The evolution of digital publishing and e-reading has been long and winding, and at times it has seemed as if it circled back upon itself. From the need for wifi to the days of fully downloadable content to the return to connectivity in order to save space (and because let’s face it, wifi is one rung of Maslow’s Hierarchy of Needs), the mechanism by which we consume content continues to shift.
But there’s one well-documented truth about digital content that has been widely known for years, but still fails to meet users’ needs. More consumers than ever before continue to consume content on their smartphones, including full-length books, but the material is hardly suited for the small-screen space.
Until now…but Ambient Lit is so much more than just content designed for a smaller viewing space. The stories rely on information about the user’s surroundings, fed to it from the smartphone’s GPS and local weather data. This extraneous information immerses the reader in the story in ways that other formats cannot.

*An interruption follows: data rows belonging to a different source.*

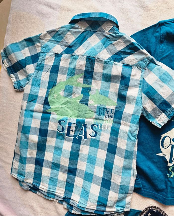 joli ensemble 📌Marque :la compagnie des petits 📌Taille :8ans chemise et t shirt 6 ans pantalon 📌Motif : graphisme et logos/ uni 📌Coloris :bleu blanc J ai d autres pièces du même thème dans mon dressing Pour voir tout mon 8ans tapez dans la barre de recherche #8ansgarçonlili29217
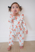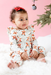 Our Mabel Romper features a ruffled detail in front and back, long sleeves and snap closures around the inside legs for easy diaper changes.
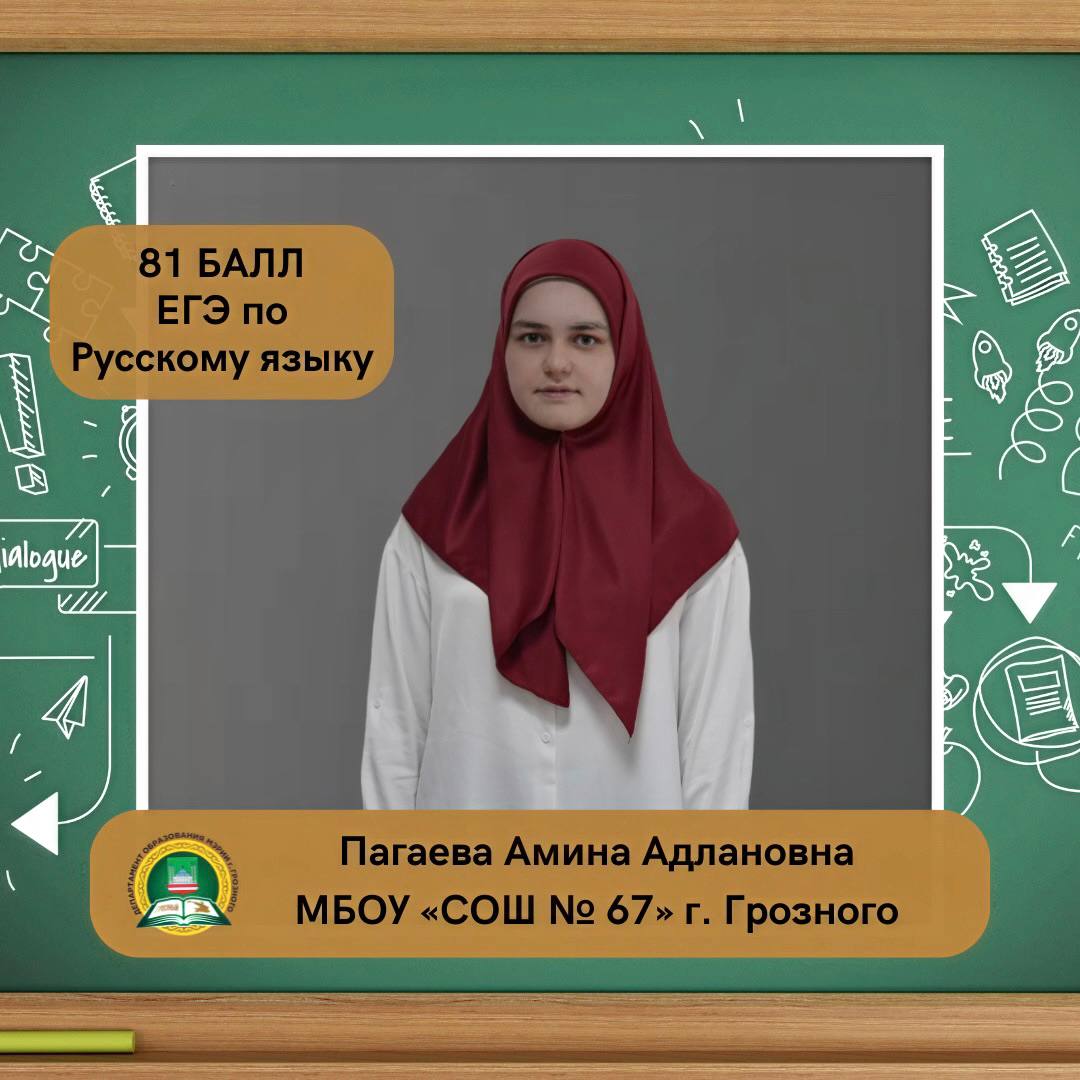 Пагаева Амина Адлановна, ученица МБОУ «СОШ № 67» г. Грозного, набрала на ЕГЭ 81 балл по русскому языку.
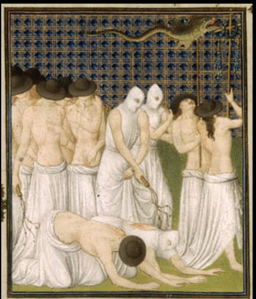 Віра людей у Боже покарання у вигляді Чорної Смерті мало ще один досить дивний психологічний прояв у русі флагелантів. Флагеланти – група ченців і фанатичних мирян, котрі віри, що чума то є пряме покарання за людські гріхи. Вони проявляли смирення, що сильно приваблювало людей, а також не давало змоги єпископам їх повністю придушити. Назва флагелантів походить від латинського слова батог. Сам рух, імовірно, виник в Австрії у 1348 році, згодом поширившись на Угорщину, Польщу, Німеччину, Францію, Фландрію, Голландію. До 1349 року послідовників вже нараховувалося близько півмільйона на теренах Західної та Східної Європи. Вони прагнули показати Господу своє каяття, свою покору, аби над ними змилилися. Вони привселюдно хлистали себе та одне одного батогами та вузликовими шнурами тричі на день. На рани від побоїв вони клали каміння або кропиву, імітуючи при цьому подвиг Христа. Учасники руху Флагеланів мандрували від міста до міста, співали гімни, молилися 33 рази на день – стільки років Ісус був на Землі. Коли флагеланти заходили в місто, їхні лідери починали проповідь перед великими натовпами. Це непокоїло єпископів та Папу Римського Климента VI, оскільки проповіді проводилися часто не служителями церкви й по усталеним канонам, а аматори. До того ж з часом флагеланти почали критикувати офіційну церкву та духовенство. У жовтні 1349 року Папа Климент офіційно засуджує флагелантів за поширення єресі. Тепер єпископам і церковним служителям можна і необхідно було зупиняти процесії будь яким чином. Флагеланти арештовувалися і розганялися під загрозою страт. До 1350 року течія флагелантів повністю зникла.

According to , “Open up the link to [the story] and the page will ask for your permission to use information like your location and your camera. When you agree, it uses three different data sets to personalize the story to your setting every time you read it: location, weather, and season. When you read the story on a rainy Monday in New York City, that’s referenced in the story.”
The goal is a seamless immersion in the story, of course, and not an “omg I’m in New York!” distraction. It makes the reader connect quickly with the content rather than have to build subconscious connections with the story. However, some of the “bells and whistles” approaches to reading–such as soundtracks and moving images within the pages–have not caught on in the widespread way their startup creators had hoped. It remains to be seen whether Ambient Lit’s approach is timely, and whether readers are finally ready to embrace this type of evolution.